Weißt du denn, wie groß die Welt ist und wieviel es da zu retten gibt?“

 

„Ja, das weiß ich!“

 

„So?“

 

„Ja. Von hier bis Köln. So groß ist die Welt… Oder bis zur Oma.“

 

„Du hast recht. Die Welt ist ungefähr so groß – und noch ein bisschen größer.“

 

„Papa?… Gehört auch „Tokio“ zur Welt?“

 

„Selbstverständlich. Tokio gehört auch zur Welt. Auch Australien. Das ist ein Land, ganz weit weg.“

 

 

 

 

„Weiß ich doch!… Haben die Menschen in Australien auch Superkräfte?“

 

„Bestimmt gibt es da auch Leute mit Superkräften.“

 

„Dann rette ich erst in Köln…, dann, wo die Oma wohnt…, dann in Tokio…, dann in Australien die Menschen vor den bösen Drachen, so lange, bis ich damit fertig bin.“

 

„Genau…“

 

„Das dauert 1000 Stunden, nicht nur vier… Tausend ist nämlich mehr als vier… Das habe ich im Kindergarten schon gelernt…

Vielleicht dauert es auch so lange, bis ich in die Schule komme.“

 

„Jetzt schlaf erst mal, du Superman, damit du morgen wieder Superkräfte hast und die Welt retten kannst!“

 

„Papa?…  Hast du früher auch immer „Superman“ gespielt?“

 

„Na klar! Darum weiß ich, dass Supermänner ganz viel Schlaf brauchen.“

 

„Dann will ich doch lieber „Prinzessin“ sein. Ich bin noch gar nicht müde, … und eine Geschichte wolltest du mir auch noch vorlesen.“

 

„Schlaf erst einmal. Und morgen erzähle ich dir die Geschichte „Superman rettet die Prinzessin vor dem bösen Drachen“

 

„Papa?… Weißt du noch was?…

Die Mama hat gesagt, in Australien leben Kängurus. Die sind niedlich. Können wir   B-i-t-t-e   auch eins haben?“

 

„Nein. Das geht nicht. Die würden Australien vermissen.“

 

A -b-e-r,    wenn es in unserem Garten so aussieht wie in Australien, denkt das Känguru, es ist daheim.“

 

„Wir können doch nicht unseren Garten umbauen. Außerdem frisst das Känguru dann unsere schönen Blumen.

Am besten, du schläfst erst einmal, und morgen bist du wieder Superman, Prinzessin oder Känguru!“

 

„Papa!!!… Ich bin doch kein Känguru, ich bin ein Mädchen.“

 

„Und kleine Mädchen müssen schlafen!“

 

„Papa?…  Spielen wir morgen „Superman“?

Wenn du die Welt in vier Stunden vor den bösen Drachen rettest, darfst du die Mama heiraten.“

 

 

*

 

 

 

 

„… und dann hat der Wecker geklingelt. Träume, an die ich mich erinnern kann, habe ich selten. Ich hätte zu gern gewusst, wie die Unterhaltung mit meinem Papa weitergegangen wäre. Vermutlich fragte ich ihm noch Löcher in den Bauch.

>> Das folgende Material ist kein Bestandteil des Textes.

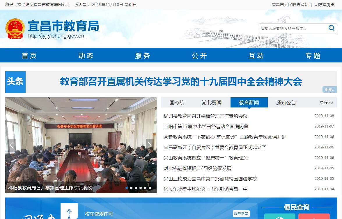 宜昌市教育局,为市政府工作部门。其主要职责是:(一)贯彻执行党和国家关于教育工作的各项方针、政策和法律、法规;拟订有关教育的规范性文件。(二)负责局机关和直属单位的党群工作、思想政治工作和文明创建工作;按照规定的干部管理权限,负责直属单位的领导班子建设及干部管理、后备干部队伍建设工作;指导、协调教育系统干部培训工作。(三)负责全市各级各类教育的统筹规划和协调管理;指导协调全市各级各类学校的教育、教学改革。(四)负责本部门教育经费的统筹管理;参与拟订筹措教育经费、教育拨款、教育基建投资的方案和管理办法;监督全市教育经费的筹措和使用;组织指导资助贫困家庭学生工作。(五)负责义务教育的指导与协调,推进义务教育均衡发展,促进教育公平;指导普通高中教育、幼儿教育、特殊教育工作,全面实施素质教育;督促检查全市中等和初等教育各类学校办学标准、教学基本要求的落实情况;组织审定中等和初等学校的地方课程教材;统筹和指导全市少数民族教育工作。(六)统筹管理全市基础教育、职业教育、成人教育、民办教育;负责全市普通高中、中等职业学校的设置、合并、撤销的审核申报工作;负责中等职业学校招生管理、学生学籍管理、毕业证书的审验和发放工作;指导全市成人教育工作;联系高等院校;负责全市民办教育学校与成人教育学校(机构)的审批和管理。(七)主管全市教师工作;组织实施各级各类教师资格证书制度;统筹规划学校教师和管理人员队伍建设;会同有关部门做好教师技术职务评审工作;指导全市教育系统人才队伍建设。(八)指导各级各类学校思想政治教育工作、德育工作、体育卫生与艺术教育及国防教育工作。(九)指导全市的教育督导工作;负责组织和指导对中等及中等以下教育、扫除青壮年文盲工作的督促检查和评估验收工作;对县(市、区)人民政府贯彻执行国家有关教育方针、政策的情况进行检查、评估。(十)统筹管理全市各类高等学历教育的招生考试工作;参与拟订大中专毕业生就业政策措施,指导大中专学校毕业生开展就业创业工作;承担全市干部继续教育学历学位审核认定工作。(十一)检查、指导学校日常安全管理和社会治安综合治理工作;组织开展安全文明校园创建活动;协调有关职能部门开展校园周边环境综合整治等工作;负责全市教育系统普法依法治理和维护稳定工作。(十二)组织指导全市教育方面的对外交流与合作;负责外籍教师的有关管理工作。(十三)指导、协调全市各级各类学校的后勤工作、电化教育、信息化建设以及教学仪器设备和图书资料的装备工作;负责全市教育基本信息统计、分析和发布;指导有关的教育学会、协会、基金会的工作。(十四)贯彻执行国家语言文字工作的方针、政策;组织协调对语言文字规范和标准的监督检查;指导推广普通话和普通话的测试工作。(十五)承办上级交办的其他事项。

Aus welchem Grund ich diesen Traum hatte, erschließt sich mir auch nicht. Weder der Superman noch die Prinzessin waren zuvor präsent. Lediglich eine Doku über Kängurus habe ich gestern im Fernsehen verfolgt.“

 

„Ja. Ein süßer Traum. Ich habe das Bild richtig vor mir.

Wie gemein, dass ich wegen Markus nicht mehr mit dir spielen wollte.

Doch das haben wir im Laufe der Jahre gut hinbekommen.“

 

„Vielleicht träume ich nächstes Mal von „Superwoman“. Jetzt brauche ich meine Superkräfte

zunächst für den Aktenstapel.

Also – „Frohes Schaffen!“

 

„Mir sagt der Traum etwas sehr Wichtiges:

Wir müssen unbedingt bald ein Klassentreffen organisieren!

Nicht nur Markus und Olaf werden begeistert sein.